Every line below must be reproduced exactly; no pictures are to be included.

[Extracted records]

■ ■ ■

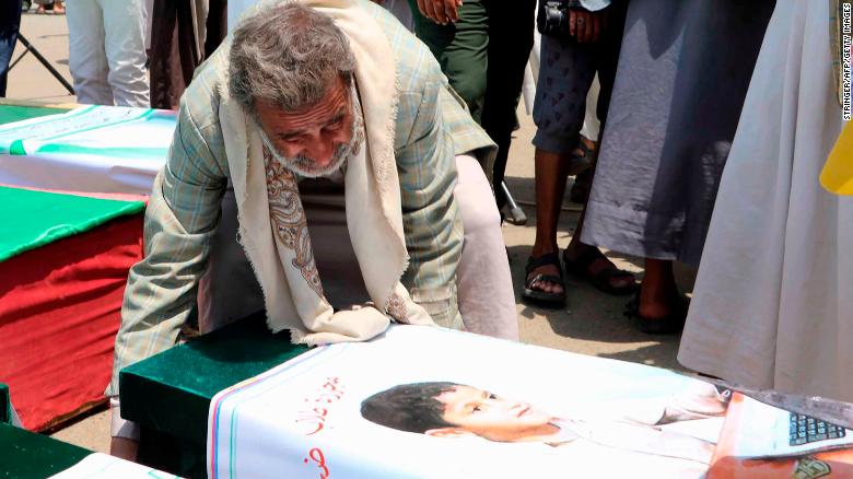 Seorang pria sedang berduka atas kematian salah satu anak yang menjadi korban serangan bus sekolah di Yaman (Sumber: STRINGER/AFP/Getty Images).
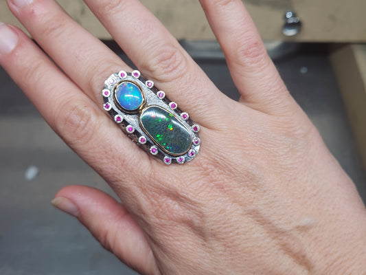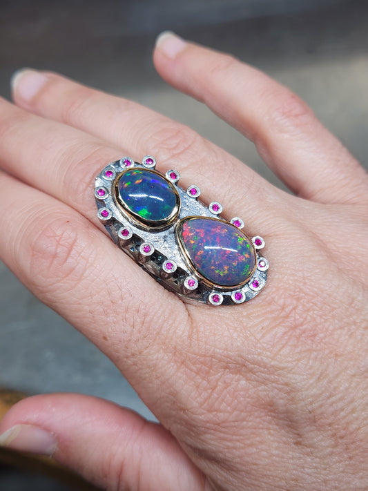 Opal & Ruby Rustic Sterling Silver & Gold Ring #587
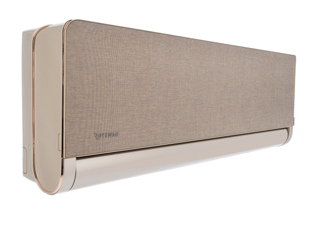 Rotenso Versu Cloth Caramel Zestaw klimatyzator jednostka wewnętrzna o mocy 3,5 kW + jednostka zewnętrzna o mocy 3,5 kW. Stanowią komplet. Obudowa jednostki wewnętrznej jest w kolorze złotym z złotymi zdobieniami i wymiennymi panelami materiałowymi. Smart WIFI. Sprężarka rotacyjna DC. System automatycznego nawiewu 4D. Posiada pakiet dla pracy całorocznej: grzałka tacy ociekowej + grzałka karteru sprężarki.
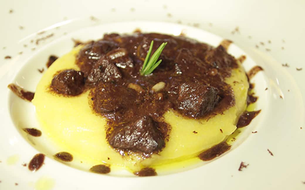 A parte fare della polenta e versatela nel piatto. Aggiungere infine la lepre ripassata nel “dolce forte” con un filo d'olio e decorare con un rametto di rosmarino.
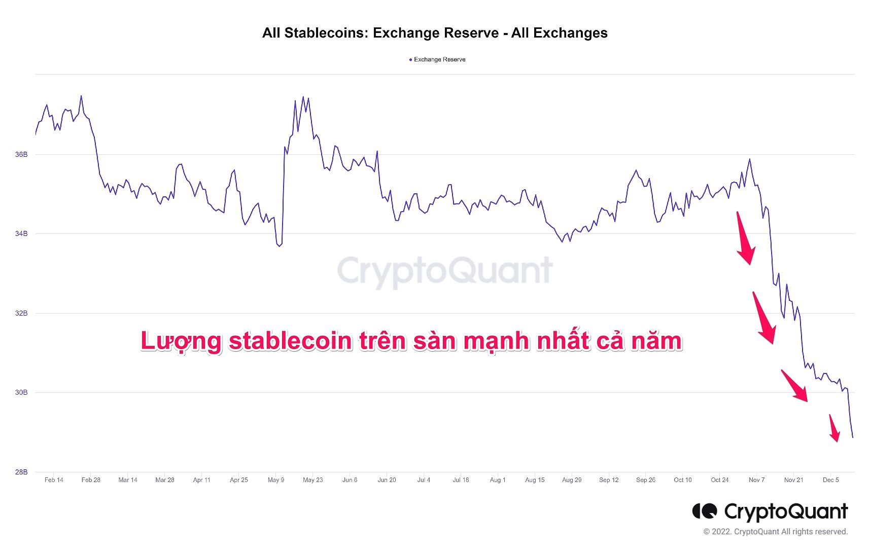 Dữ liệu từ CryptoQuant cho thấy, làn sóng rút tiền stablecoin ra khỏi sàn diễn ra từ đầu tháng 12. Và dữ liệu ghi nhận đà sụt giảm stablecoin trên sàn mạnh nhất trong cả năm 2022. Nhất là gần đây, đà giảm ghi nhận tốc độ rút mạnh hơn khi giảm đến hơn 2 tỷ USD chỉ trong 2 ngày.
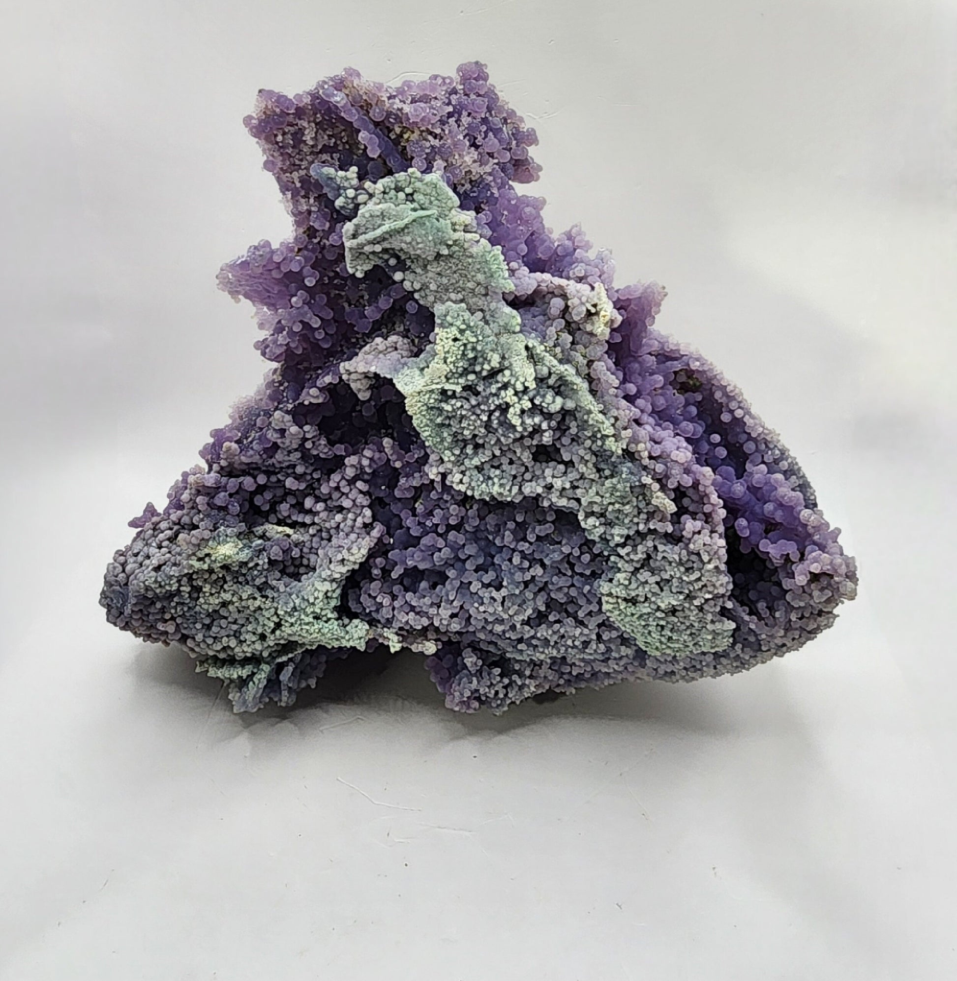Very nice-sized specimen of botryoidal chalcedony from Indonesia, also known as grape agate. Grape agate is a gorgeous, naturally occurring mineral that, as the common name implies, resembles grape clusters. Grape agate is typically priced by size and quality with very large, nice quality specimens getting up into thousands of dollars. This particular specimen has very crisp grapes and beautiful Grape "blades". Makes a gorgeous home decor or conversation starter piece!

■ ■ ■

_Task output:_
 Seorang pria sedang berduka atas kematian salah satu anak yang menjadi korban serangan bus sekolah di Yaman (Sumber: STRINGER/AFP/Getty Images).
 Opal & Ruby Rustic Sterling Silver & Gold Ring #587
 Rotenso Versu Cloth Caramel Zestaw klimatyzator jednostka wewnętrzna o mocy 3,5 kW + jednostka zewnętrzna o mocy 3,5 kW. Stanowią komplet. Obudowa jednostki wewnętrznej jest w kolorze złotym z złotymi zdobieniami i wymiennymi panelami materiałowymi. Smart WIFI. Sprężarka rotacyjna DC. System automatycznego nawiewu 4D. Posiada pakiet dla pracy całorocznej: grzałka tacy ociekowej + grzałka karteru sprężarki.
 A parte fare della polenta e versatela nel piatto. Aggiungere infine la lepre ripassata nel “dolce forte” con un filo d'olio e decorare con un rametto di rosmarino.
 Dữ liệu từ CryptoQuant cho thấy, làn sóng rút tiền stablecoin ra khỏi sàn diễn ra từ đầu tháng 12. Và dữ liệu ghi nhận đà sụt giảm stablecoin trên sàn mạnh nhất trong cả năm 2022. Nhất là gần đây, đà giảm ghi nhận tốc độ rút mạnh hơn khi giảm đến hơn 2 tỷ USD chỉ trong 2 ngày.
Very nice-sized specimen of botryoidal chalcedony from Indonesia, also known as grape agate. Grape agate is a gorgeous, naturally occurring mineral that, as the common name implies, resembles grape clusters. Grape agate is typically priced by size and quality with very large, nice quality specimens getting up into thousands of dollars. This particular specimen has very crisp grapes and beautiful Grape "blades". Makes a gorgeous home decor or conversation starter piece!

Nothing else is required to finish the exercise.